EXERCISE GOAL
Your copy of the entries below should hold exactly the lines from the one containing "Women's Funny Axolotl" to the one containing "П. Н. Шепелеву", inclusive, and no pictures.

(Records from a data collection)
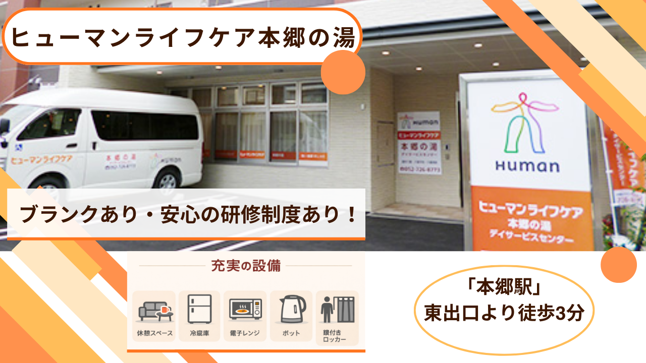 | 施設情報 | ヒューマンライフケア本郷の湯は、愛知県名古屋市名東区本郷2丁目にあるデイサービス(通所介護施設)です。 |
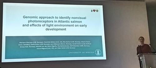 I was given the opportunity to present a poster on work from my PhD at the Institute of Aquaculture, University of Stirling in collaboration with the University of Bergen titled ‘Clock genes and circadian rhythmicity in Atlantic salmon’. In addition, I contributed towards my University of Bergen collaborator Mariann Eilertsen’s, presentation ‘Genomic approach to identify nonvisual photoreceptors in Atlantic salmon and effects of light environment on early development’, in which published salmonid reference genomes have been fundamental to our work. This has enabled us to start exploring the effects of narrow bandwidth LED light on photoreception, clock gene expression and circadian rhythmicity in early developmental Atlantic salmon.
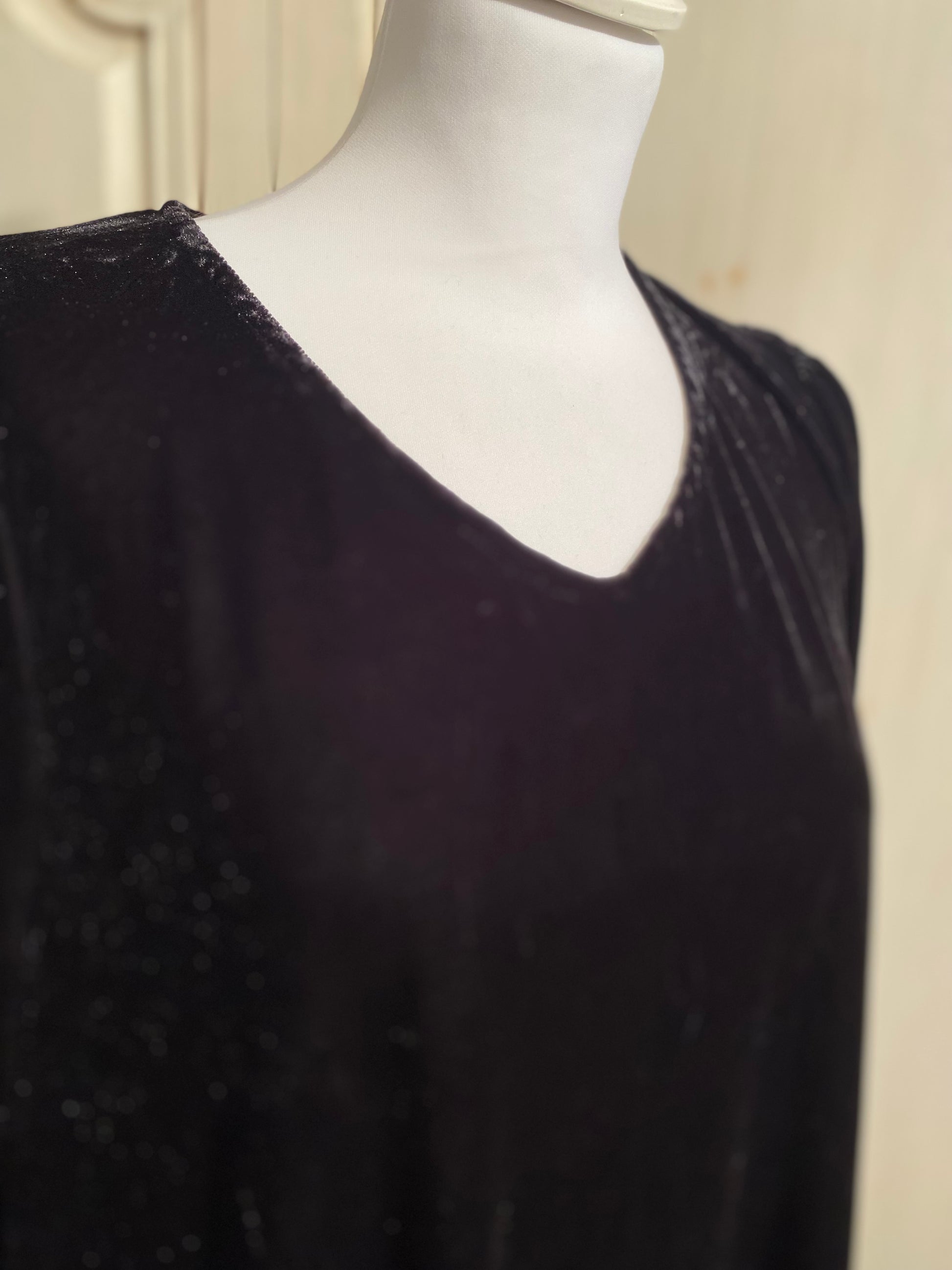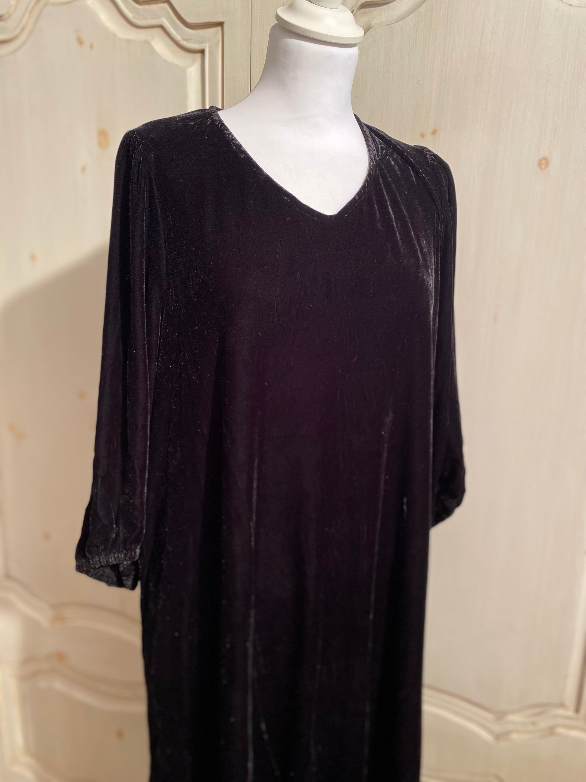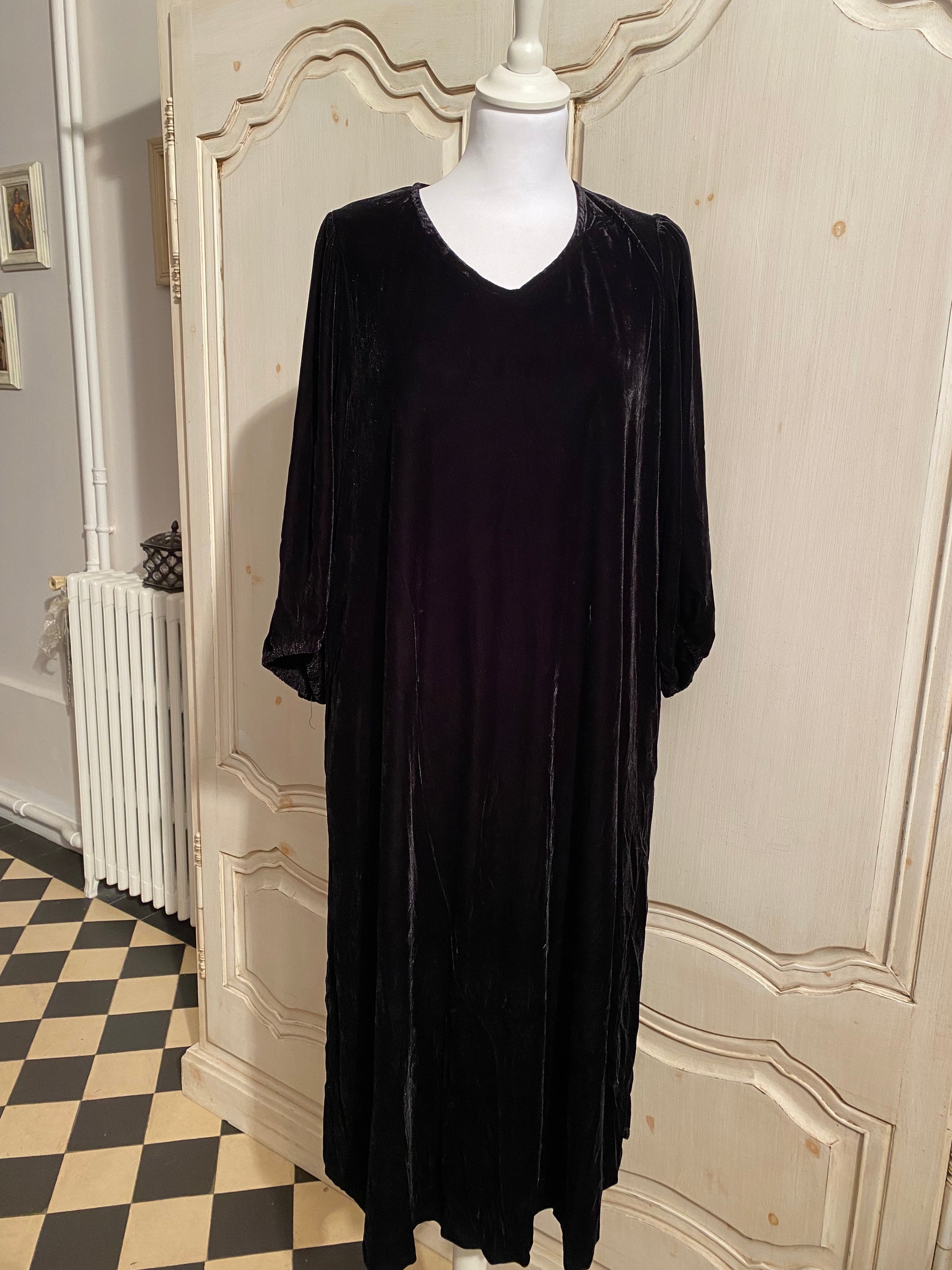 Très belle pièce pour cette robe en velours, noir, façon velours de soie manches trois quarts élastique en bas des manches colle en V. Plissé sur l’Machures coupe over size droite, fendue légèrement dans le bas poche sur les côtés.
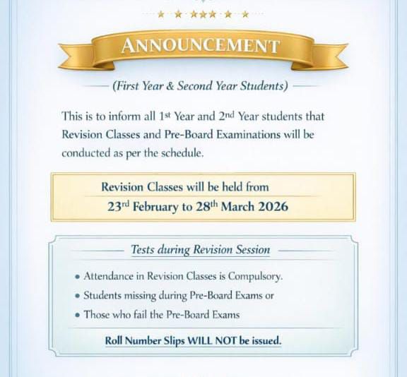 Announcement for Intermediate Part I & II students
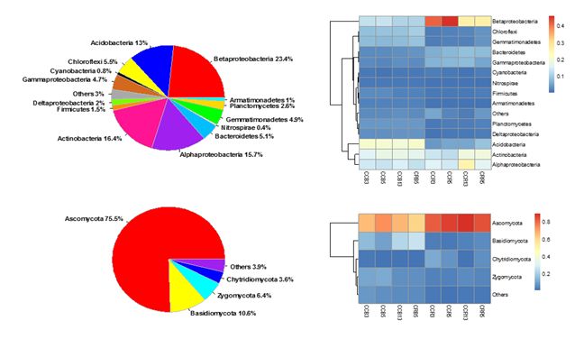 圖1不同處理下細菌與真菌群落組成及聚類分析圖譜
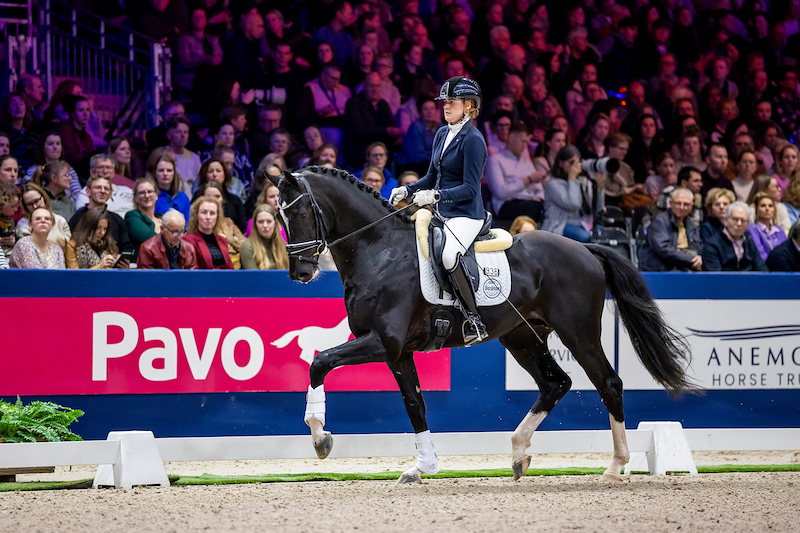 The stallions entered the arena in pairs, with a switch after each round to ensure they were not left alone in the impressive ring. First up was the grey Ridgedale (Glamourdale out of Zakiyah KEUR, PREF, PREST by Jazz, breeder D.M.L. Stoop-Collombon) ridden by Zandra Birkeland, owner Van Olst Horses. The stallion was slightly tense in the surroundings but consistently moved with good technique. Secret-son Secret USB from J.M. van Uytert and Stal Brouwer (bred from Soiree Noir by Spörken, breeder Gaus) was presented by Alvaro Rodriguez Siscar and demonstrated great suppleness and looseness in his body. The stallion could already easily switch gaits.
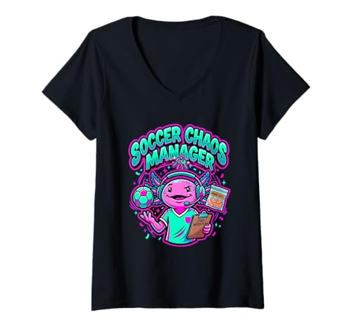Women's Funny Axolotl Coach Parent T-Shirt Soccer Chaos Manager Mom V-Neck T-Shirt
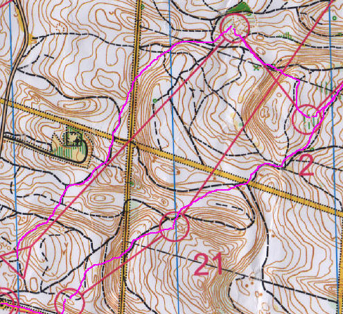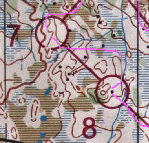 Pour aller au poste 8, je fais une erreur de visée. Heureusement, le relief était assez net et a permis de recaler et redescendre vers le poste.
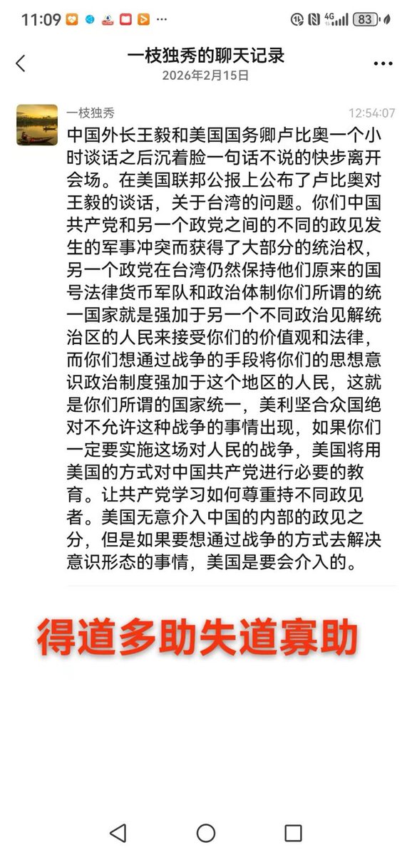 王毅和卢比奥会谈完后黑着脸出去了。卢比奥打开天窗说亮话,一针见血地揭露习近平所谓的“国家统一”的罪恶实质:即中共要不择手段地、包括不惜发动战争,宁可生灵涂炭也要把共产极权意识形态和极权制度强加于2300万台湾人民。
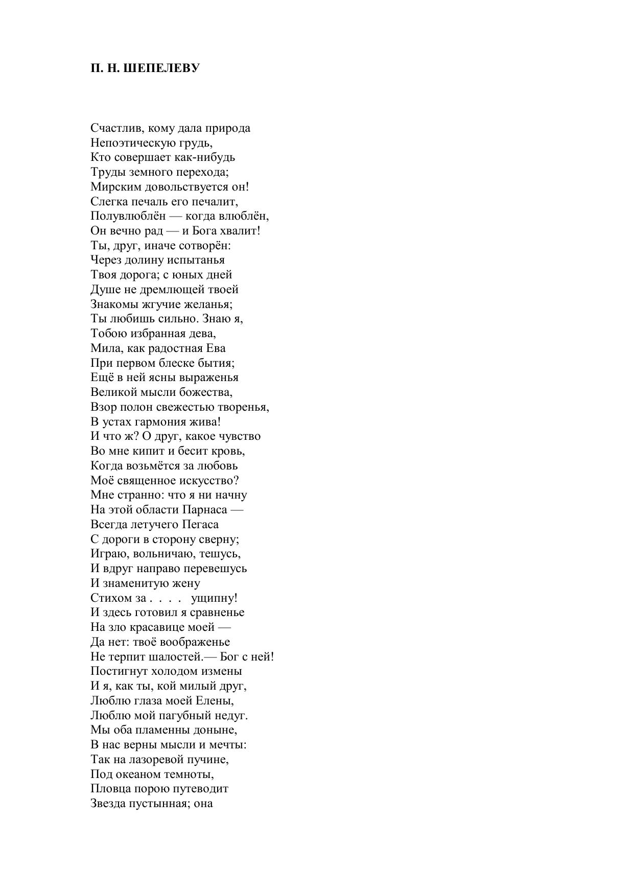 П. Н. Шепелеву (Счастлив, кому дала природа…)
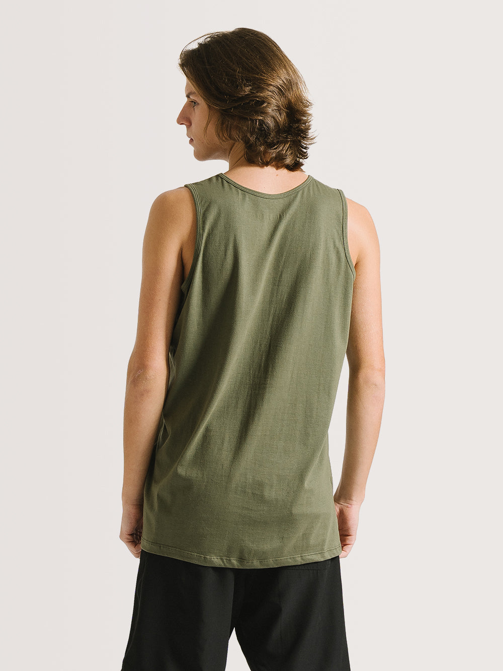 Regata Hang Loose Dublog, possui estampa em silk frontal e etiqueta Hang Loose na lateral. Confeccionada em tecido meia malha 30/1.
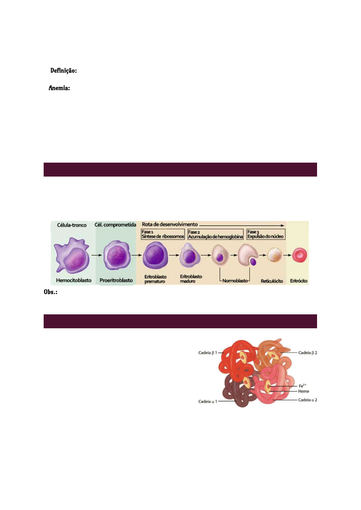 Júlia Souza - 5o período - 2021 Síndromes Anêmicas * Definição: redução de uma capacidade de transporte de oxigênio no sangue, normalmente por diminuição da massa total de eritrócitos circulantes * Anemia: condição na qual o conteúdo de hemoglobina no sangue está abaixo do normal: - Deficiência nutricional → anemias carenciais (ferropriva e megaloblástica) - Imune → anemias inflamatórias ou de doenças crônicas - Diminuição da cadeia de globina → Talassemias - Falha na ativação do grupo heme → anemia sideroblástica - Substituição do tecido hematopoético por gordura → anemia aplásica - Sangramento agudo → anemias hemolíticas - Desregulação endócrina - Por defeito na síntese de DNA → anemia megaloblástica FIsiologia * Célula tronco dá origem à duas diferentes células - Mielóide (vermelha) - Linfóide (branca) * Durante a formação da hemácia temos a formação dos eritrócitos (células pré hemácias que ainda possuem células) Obs.: Em casos de hemorragia, por exemplo, há um aumento no número de reticulócitos pois a medula trabalha mais para compensar a perda hemorrágica - HIPERPROLIFERATIVA - MAIS // HIPOPROLIFERATIVA - MENOS Hemoglobina * É um tetrano formado por - 2 cadeias de alfa-globina - 2 cadeias de beta-globina - 4 cadeias heme - onde o ferro se liga * HEMÁCIA = ERITRÓCITO * Vida Média das Células sanguíneas: - Eritrócitos: 120 dias / Plaquetas: 7 dias / Granulócitos: 6 horas / Linfócitos: horas a anos - Existem vários mecanismos que acabam com os eritrócitos + Baço, fígado e medula óssea → por meio dos macrófagos ● Em anemias hemolíticas, como a falciforme, a destruição aumentada ocorre por parte do fígado + Reconhecimento de anticorpo + Globina → bilirrubina 1 Júlia Souza - 5o período - 2021 Mecanismo Globina → Bilirrubina * A bilirrubina é uma molécula lipossolúvel (INDIRETA) - que circula ligada a albumina pela corrente a sanguínea até o fígado (onde é transformada em molécula hidrossolúvel * A bilirrubina hidrossolúvel é uma molécula DIRETA que vai para o intestino onde vira urobilinogênio * Parte desse urobilinogênio é reabsorvida e outra sai nas fezes (o que permite sua coloração amarronzada) Obs 1.: Em casos de trauma - Urina preta - urobilinogênio (comprometimento hepático) Obs 2.: Hematoma - Começa roxo - vai perdendo oxigênio fica azul - e devido a bilirrubina indireta que passa na circulação sanguíneo deixa a lesão amarela Manifestação Clínica * Nas hemorragias agudas ou nas crises hemolíticas, os pacientes apresentam sintomas mais intensos do que nos quadros de instalação lenta e de longa duração Aguda * Devido à baixa oxigenação abrupta, o coração passa a trabalhar em ritmo mais acelerado * Dispnéia (porque não chega oxigênio na célula) * Palpitação * Tontura * Fadiga extrema * Taquicardia Crônica * Hipotensão postural (muda de posição e a pressão cai) * Fraqueza * Dispnéia * Relação cardíaca (sopros sistólicos, angina) * Alteração * Palidez * Cefaléia * Coiloníquia - unha em formato de colher Obs.: Icterícia associada a palidez é uma manifestação característica da anemia hemolítica Obs 2.: Em caso de pacientes idosos, portador de anemia, o quadro clínico pode apresentar-se de forma diferente, como um quadro de insuficiência cardíaca, angina e confusão mental - Caso o paciente já possua alguma comorbidade, a anemia pode agravar este quadro Diagnóstico Laboratorial * Hemoglobina < 13 * Concentração de hemoglobina - g/100ml sangue Obs.: em casos de trombocitopenia associada pensar em doenças autoimunes, caso seja uma pancitopenia, pensar em doenças malignas Hematócrito - 36% a 46% VCM - Volume Corpuscular Médio * Mede o TAMANHO do eritrócito * Valor referência → 80 - 100 2 Júlia Souza - 5o período - 2021 * Caracterização: - Macrocítica > 100 - Normocítica - entre 80 e 100 - Microcítica < 80 HCM - Hemoglobina Corpuscular Média * Média de hemoglobina dentro do eritrócito → QUANTIDADE DE HB * Valor referência → 28 - 32 * Caracterização: - Hipercrômica > 32 - Normocrômica - entre 28 e 32 - Hipocrômica < 28 CHCM - Concentração de HB corpuscular média * Concentração de HB corpuscular média * Mede a concentração do pigmento - peso da hemoglobina dentro do eritrócito * Valor referência → 32 - 37 * Caracterização: - Hipercrômica > 37 - Normocrômica - entre 32 e 37 - Hipocrômica < 32 RDW - Índice de Anisocitose * Ampla distribuição de células vermelhas no sangue * Mede a VARIÂNCIA no tamanho das hemáceas para confirmar o VCM * Valor referência → 10 a 15 Contagem de Reticulócitos * Mede em porcentagem * Valor referência 0,5 - 2,0% Exame Complementar * Ferro sérico (concentração de ferro no sangue) - NUNCA PEDIR INDIVIDUAL - Altas concentrações → doença hepática, anemia hipoplásica, eritropoese - Baixas concentrações → anemia ferropriva * Transferrina sérica (concentração da proteína que transporta o ferro * TIBC - Capacidade total do Fe ligar-se à transferrina * Ferritina Sérica Esfregaço - Características das hemácias * Microcítica - menor * Macrocítica - maior * Em alvo ou leptócitos - perda de ferro * Microesferócito - pequena e corada * Rouleaux - empilhamento (mieloma) * Drepanócitos - hemácias foice * Esquizócitos - fragmentação pós trauma * Hemácias em lágrimas ou dacriócitos - forma de lágrima * Corpúsculo de Howell-jolly Classificação Morfológica das Anemias * Se baseia nos valores de VCM * Analisa o aspecto morfológico dos eritrócitos e não a causa da anemia 3 Júlia Souza - 5o período - 2021 Microcítica < 80 * Ocorre uma diminuição do grupo heme por deficiência de ferro * Etiologias 1. Ferropriva → diminui o ferro 2. Sideroblástica → aumento de ferro 3. Talassemia → diminuição da globina Macrocítica > 100 Megaloblástica * Deficiência de Algo - B12 (220 - 800) / Ácido fólico /Síntese de DNA N
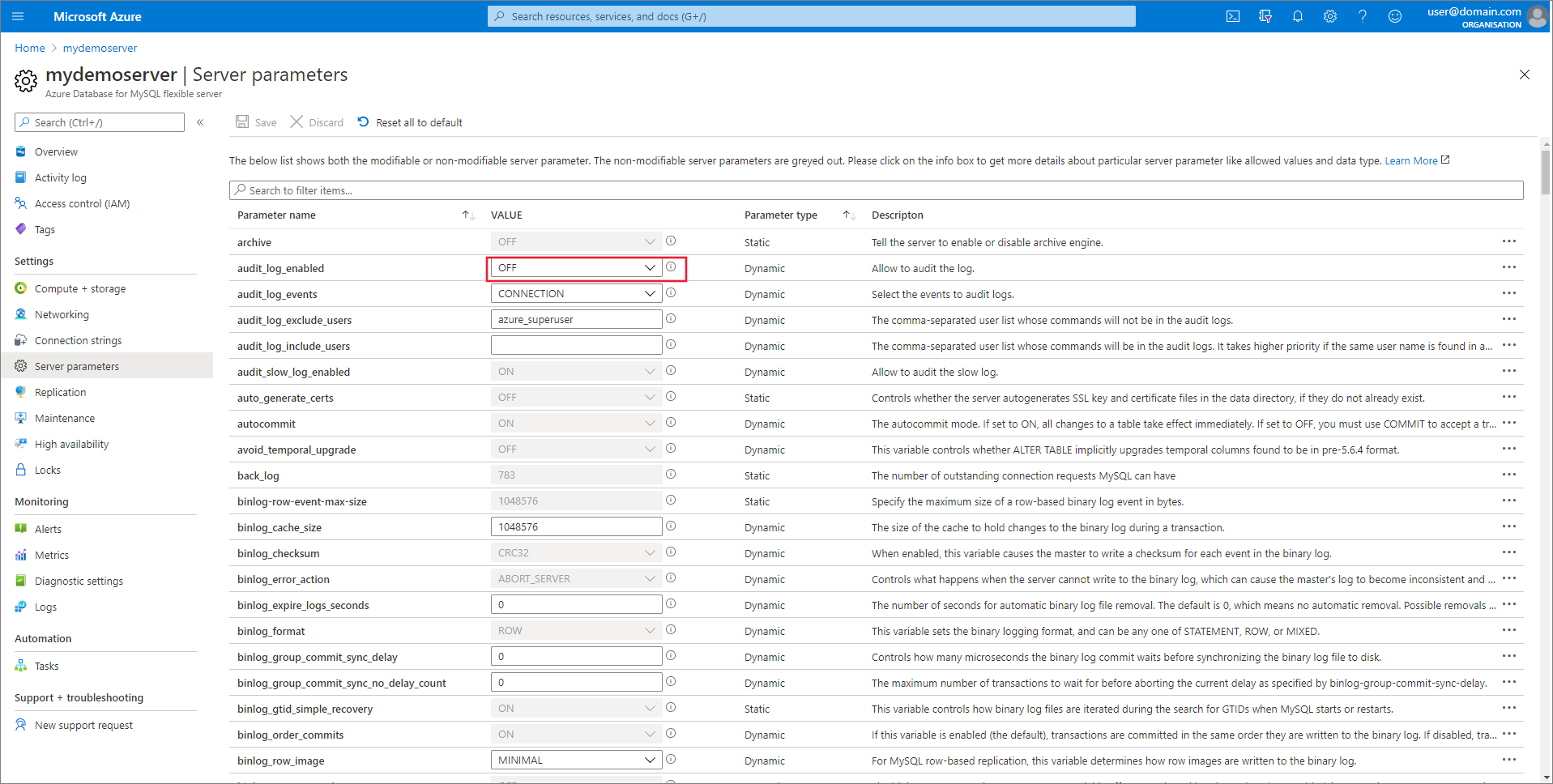 - 在“设置”部分下,选择“服务器参数”以打开 Azure Database for MySQL 灵活服务器实例的服务器参数页。

SOLUTION FOR THIS TASK
Women's Funny Axolotl Coach Parent T-Shirt Soccer Chaos Manager Mom V-Neck T-Shirt
 Pour aller au poste 8, je fais une erreur de visée. Heureusement, le relief était assez net et a permis de recaler et redescendre vers le poste.
 王毅和卢比奥会谈完后黑着脸出去了。卢比奥打开天窗说亮话,一针见血地揭露习近平所谓的“国家统一”的罪恶实质:即中共要不择手段地、包括不惜发动战争,宁可生灵涂炭也要把共产极权意识形态和极权制度强加于2300万台湾人民。
 П. Н. Шепелеву (Счастлив, кому дала природа…)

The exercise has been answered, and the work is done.